# Moka exploded



## RichD1 (Oct 17, 2016)

My daughters Bialetti stainless Moka exploded yesterday!! She had just finished a brew on induction heat and thinks that she turned the heat off but feels she may have turned it up full.

My question is why didn't the pressure relief valve work. The moka pot is only about 18 months old.

Looking at the pot after it cooled down it looked like the top had moved off the bottom. Inspecting it when I got it apart and I can see no visible damage.

Would you use the pot again if the pressure relief valve was replaced?

Richard


----------



## catpuccino (Jan 5, 2019)

Glad nobody was hurt.
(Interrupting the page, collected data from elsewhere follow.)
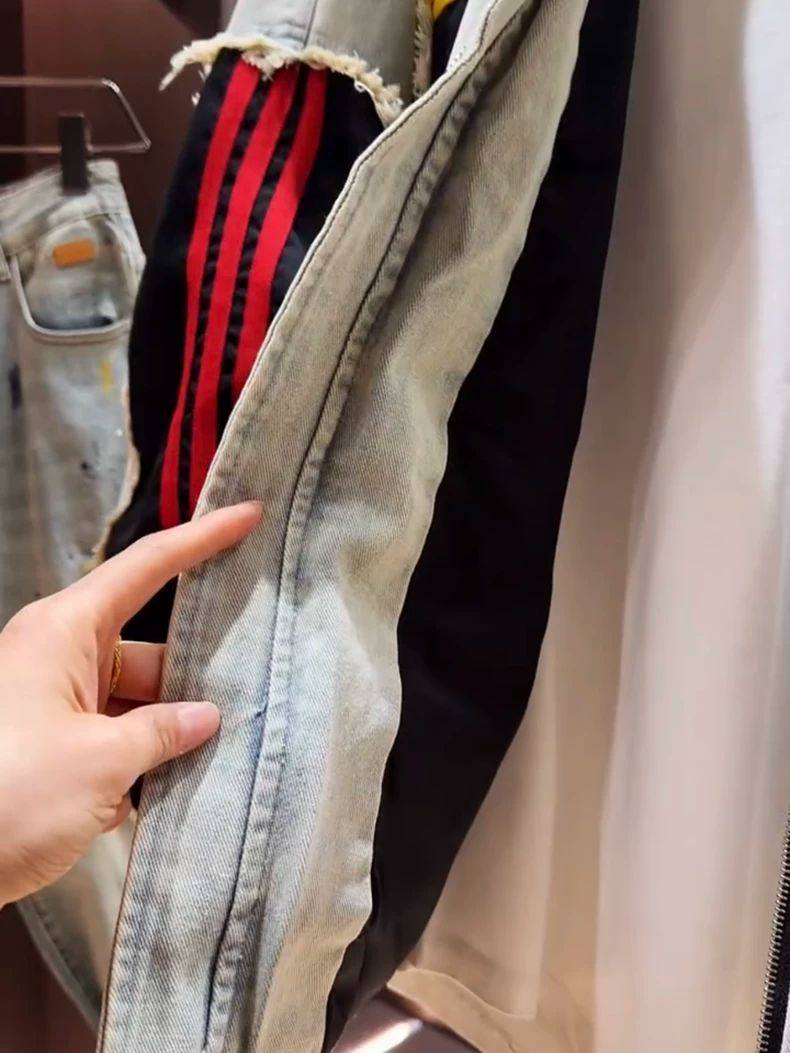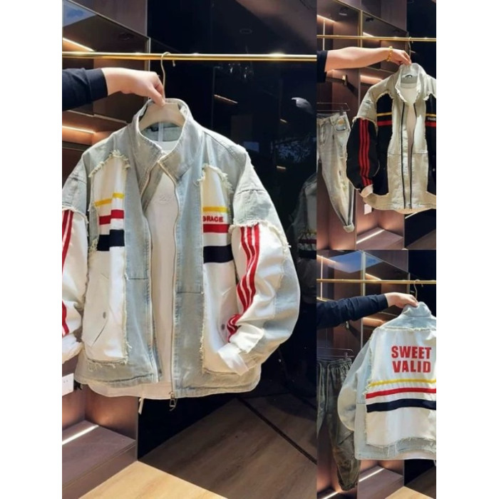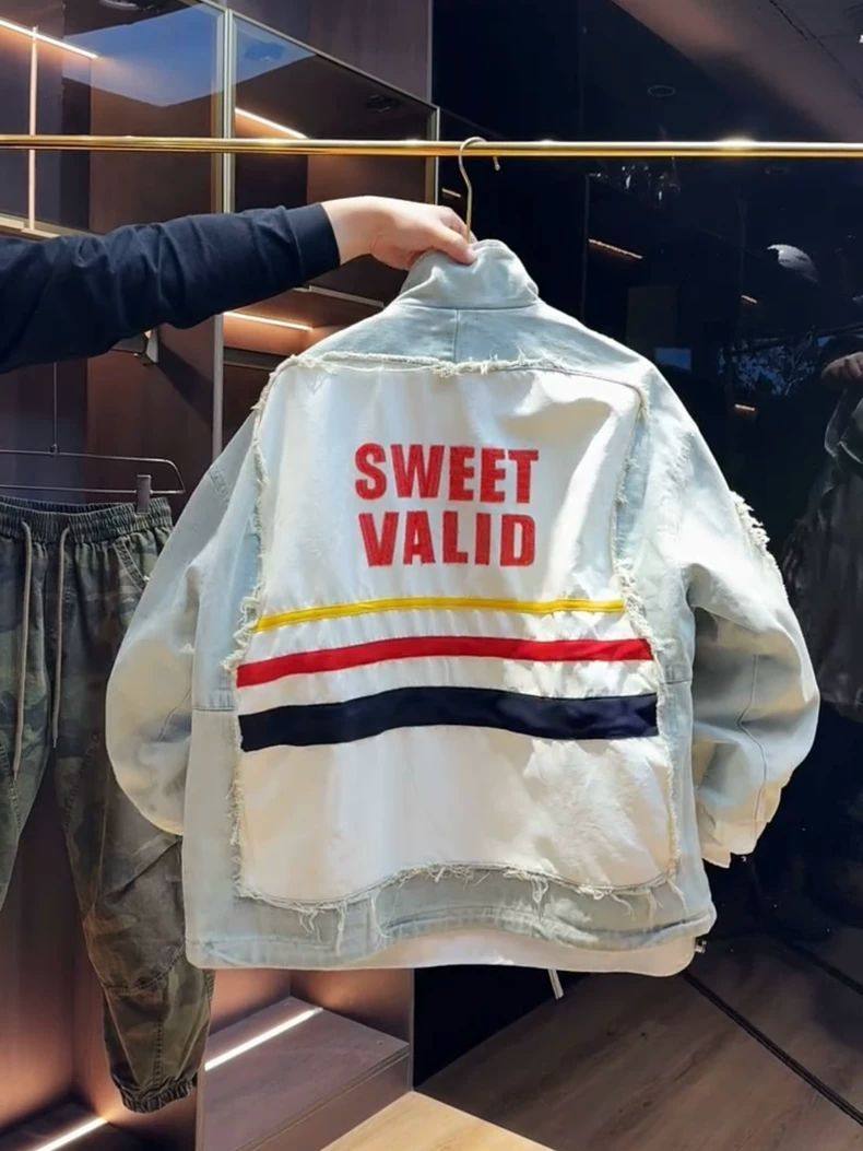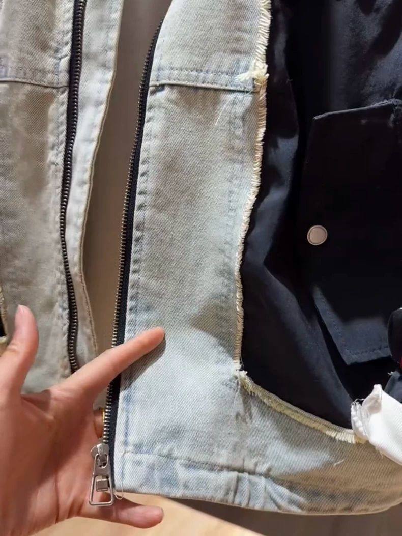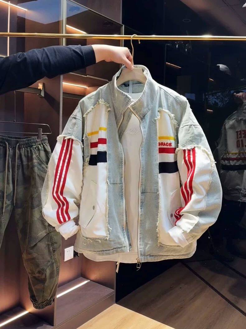 超大碼300斤美式潮牌時尚立領拼接牛仔外套男女早秋寬鬆休閒夾克2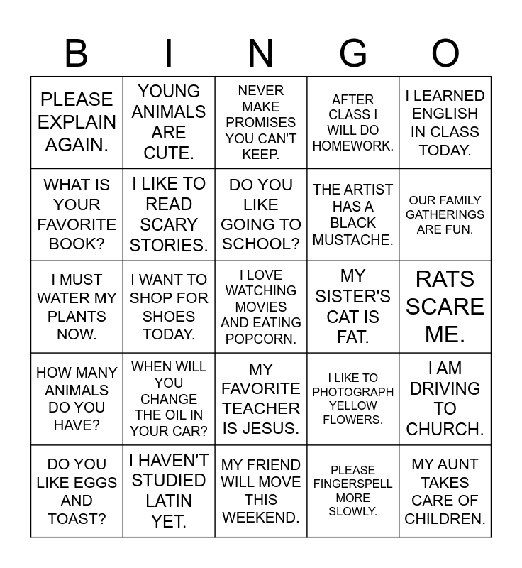 This bingo card has 35 words: THIS BOOK IS LONG AND BORING., TIME TO WAKE UP, BOBBY!, THE BABY DIDN'T SLEEP ALL NIGHT., I LIKE TO READ SCARY STORIES., MY FAVORITE TEACHER IS JESUS., AFTER CLASS I WILL DO HOMEWORK., WHAT IS YOUR FAVORITE BOOK?, I'M LEARNING TO COOK SPAGHETTI., DO YOU LIKE GOING TO SCHOOL?, I LIVE IN DALLAS, TEXAS., I MUST WATER MY PLANTS NOW., I LEARNED ENGLISH IN CLASS TODAY., FREE, I WILL PICK UP MY MEDICINE FROM THE STORE., PLEASE EXPLAIN AGAIN., MY SISTER'S CAT IS FAT., PLEASE FINGERSPELL MORE SLOWLY., I WANT TO SHOP FOR SHOES TODAY., HOW MANY ANIMALS DO YOU HAVE?, I LOVE WATCHING MOVIES AND EATING POPCORN., I LIKE TO PHOTOGRAPH YELLOW FLOWERS., DO YOU LIKE EGGS AND TOAST?, I AM DRIVING TO CHURCH., I HAVEN'T STUDIED LATIN YET., NEVER MAKE PROMISES YOU CAN'T KEEP., OUR FAMILY GATHERINGS ARE FUN., MY AUNT TAKES CARE OF CHILDREN., MY BROTHER WANTS TO PLAY HIS FRIEND., THE ARTIST HAS A BLACK MUSTACHE., RATS SCARE ME., MY DOG DOES NOT LIKE GOING TO VET., MY FRIEND WILL MOVE THIS WEEKEND., WHEN WILL YOU CHANGE THE OIL IN YOUR CAR?, YOUNG ANIMALS ARE CUTE. and OLD TREES ARE TALL..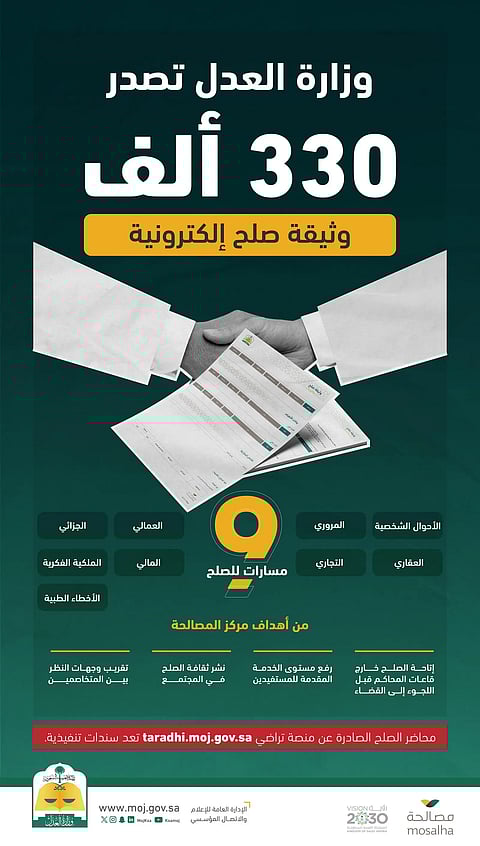 أصدر مركز المصالحة في وزارة العدل أكثر من 330 ألفًا من وثائق الصلح الإلكترونية، في 9 مسارات تتمثل في الأحوال الشخصية، والمروري، والعقاري، والجزائي، والتجاري، والعمالي، والمالي، والملكية الفكرية، وأخيراً مسار الأخطاء الطبية.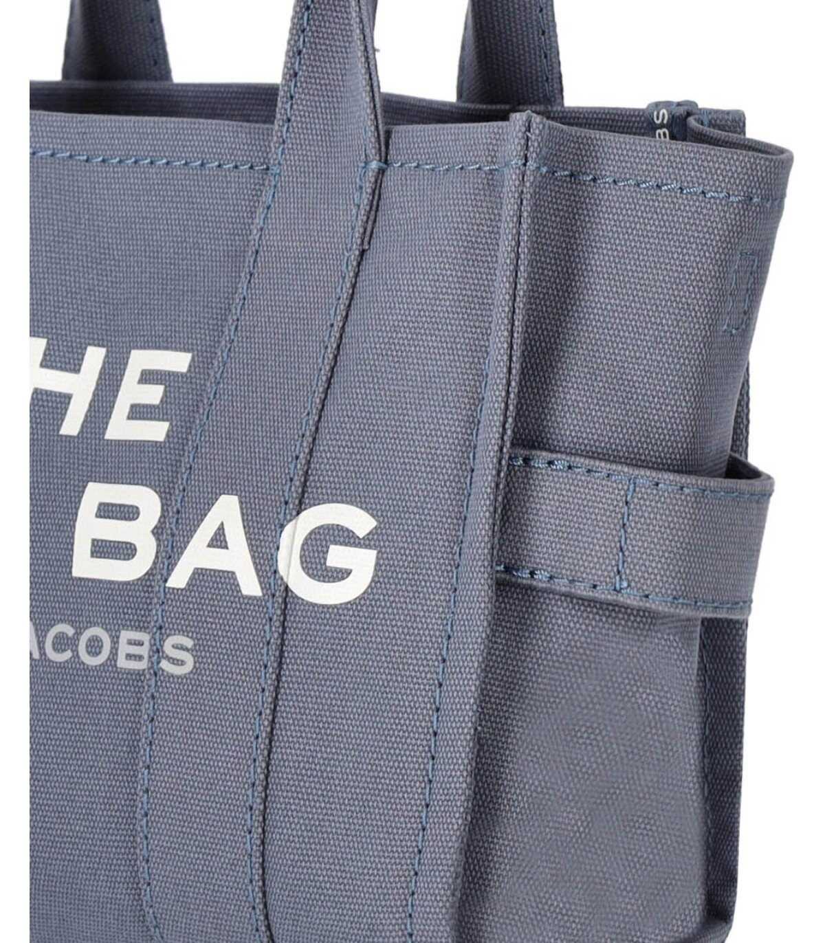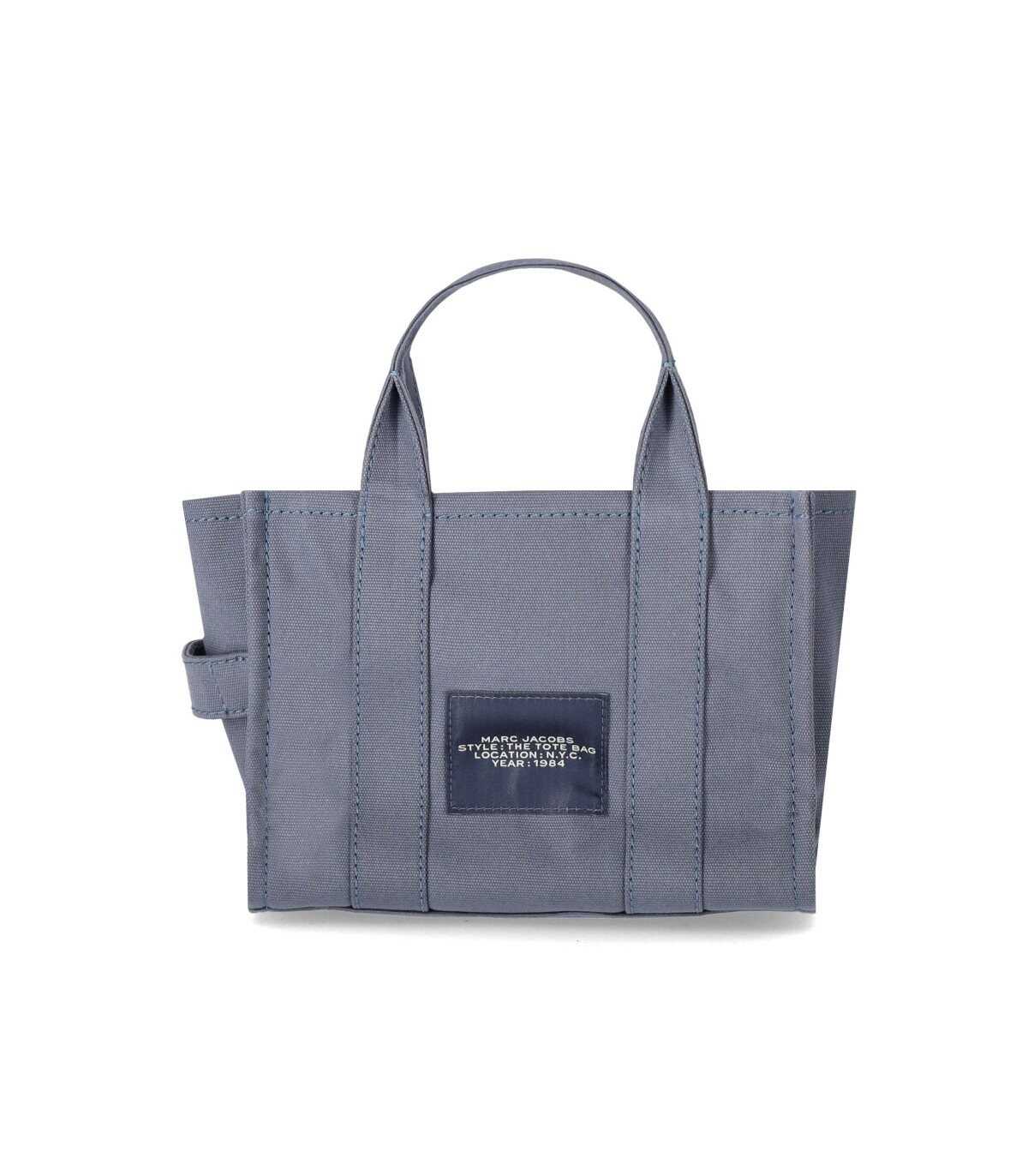 Marc Jacobs The Small Tote bag is made of cotton canvas in shades of blue with the iconic logo printed in contrast on the front. Unlined interior. Zip closure and adjustable and removable black fabric shoulder strap. Measures 26x13x21 cm.

Given how affordable they are, no. Buy a new one.

As for why, the only thing I can think must've happened is the pressure relief valve got blocked. This can happen from mineral build up or just time, and it's why you're meant to pull it out (it's springy) periodically to ensure it remains freed.


----------



## MediumRoastSteam (Jul 7, 2015)

Did you fill with water below the safety valve? You should have.

How compact was your coffee so that it could not escape though that? Seems crazy.


----------



## RichD1 (Oct 17, 2016)

I've had a quick look at the relief valve looks like it is fully out as I couldn't move it. I'll give it another look as I would like to understand how it works for the future. I've got a 15 year old Bialetti pot and have never considered checking the valve. Interestingly my valve is totally different, can't see how I could test it.

Richard


----------



## El carajillo (Mar 16, 2013)

They are often a spring and ball. Push with a pin from the inside, you should be able to feel the spring give as you move the ball.

Do not compress the coffee before placing the screen.


----------



## RichD1 (Oct 17, 2016)

Water level was below the valve and the coffee is never tamped.

Richard


----------